Retrieving context using AP.context.getContext()

There are scenarios where an app's UI needs direct access to context information as opposed to passing the JWT to the server. Such scenarios include directly displaying the context to the user and making REST calls to the product based on the context information. In both of these scenarios, there is no impact of a malicious user tampering with the context information since it is either contained within the browser or handled by the product.

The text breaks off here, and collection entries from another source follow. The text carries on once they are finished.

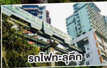
รถไฟทะลุคิ๊ง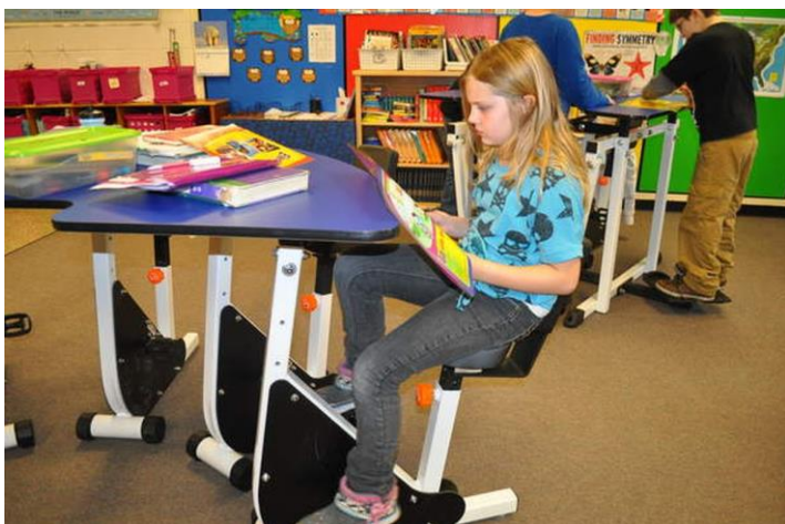
Slika 1: Možnost uporabe kinestetične mize pri pouku.

https://www.google.com/search?q=razred&client=firefox-b&source=lnms&tbm=isch&sa=X&ved=0ahUKEWjSpbjGs9PdAhXCiWkHeekDtIQ_AUICigB&biw=1536&bih=728#imgrc=tfHs5jf60Q2-4M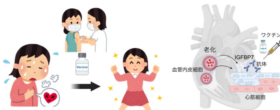
ワクチンで心不全を治療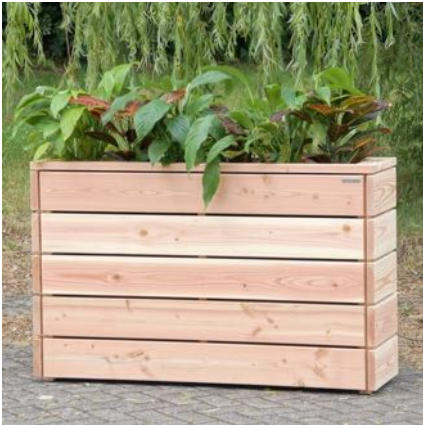
Pflanzkasten Lang S, Natur

The following snippet provides an example of how to use this:

1
2
3
AP.context.getContext(function(context) {
  alert('The current project key is ' + context.jira.project.key);
});

Prefetching app iframes

There are often cases where one app module will launch another app module. An typical example involve a page opening a dialog to display information or collect data. If the dialog is declared as a cacheable module then it may make sense for the page launching the dialog to prefetch the dialog iframe resource. This will ensure the dialog content appears straight away, even for users who have never opened the dialog previously.

The following HTML snippet illustrates how the prefetching of the dialog content in the above example would be achieved:

1
2
3
4
5
6
7
8
9
10
<html>
  <head>
    <title>My General Page</title>
    <link rel="prefetch" href="/my-prefetched-dialog">
    <script src="https://connect-cdn.atl-paas.net/all.js" async></script>
  </head>
  <body>
     etc
  </body>
</html>

Supported modules

The initial (September 2018) set of modules that can be declared as "cacheable": true is as follows:

  • Web Panels
  • Dialogs
  • Web items where the target is either dialog or inlineDialog
  • Pages
  • Dynamic Content Macros

Client frameworks

These versions of Atlassian's supported client frameworks accept JWTs without the query string hash (qsh) claim:

FAQ

1. Should I modify my app to use the new cacheable app iframes functionality?

The answer to this question is dependent on the architecture and deployment of the app since some apps will see greater performance improvements than others. We would recommend modifying existing modules on a case by case basis and also in an iterative manner. Perhaps start with a single module to gain some experience with the new API. You might like to capture some metrics before and after the migration to help analyse the benefits.

2. Do AP.context.getContext() and AP.context.getToken() work when called from iframes that are not declared as cacheable?

Yes. The cacheable declaration in the module is primarily used as an opt in mechanism allowing Connect to change its behaviour and not add various query parameters to the iframe URL.

3. Should I modify my app to use AP.context instead of using iframe URL context parameters even if I don't declare my iframe to be cacheable?

If your app does all its dynamic processing of query parameters in its server then probably not because using AP.context would require the logic to be shifted from the server to the client (Javascript code). However, if your app is already extracting query parameters in its Javascript code, then it might be a good idea to start using AP.context since this API is clearer than declaring template URLs in your app descriptor and extracting query parameters. The AP.context API also has the benefit that you don't need to modify your app descriptor if you decide to change your app and, for example, start using a new context property. Remember that app descriptor updates need to be accompanied by a new version of your app in Atlassian Marketplace.

4. Why do the JWTs returned by AP.context.getToken() have a longer expiry time than other JWTs?

The expiry time is somewhat arbitrary, but larger values allow them to be easily passed from Jira or Confluence to the browser and then to the app server with a degree of caching or queuing in intermediate steps. Based on this, we felt justified in extending the expiry time of context JWTs to fifteen minutes as opposed to the three minute expiry time of, for example, the JWTs used to sign app iframe URLs.

5. Why don't the JWTs returned by AP.context.getToken() have a QSH?

The JWTs returned by AP.context.getToken() are not associated with any particular URLs so there's also no query strings to associate them with.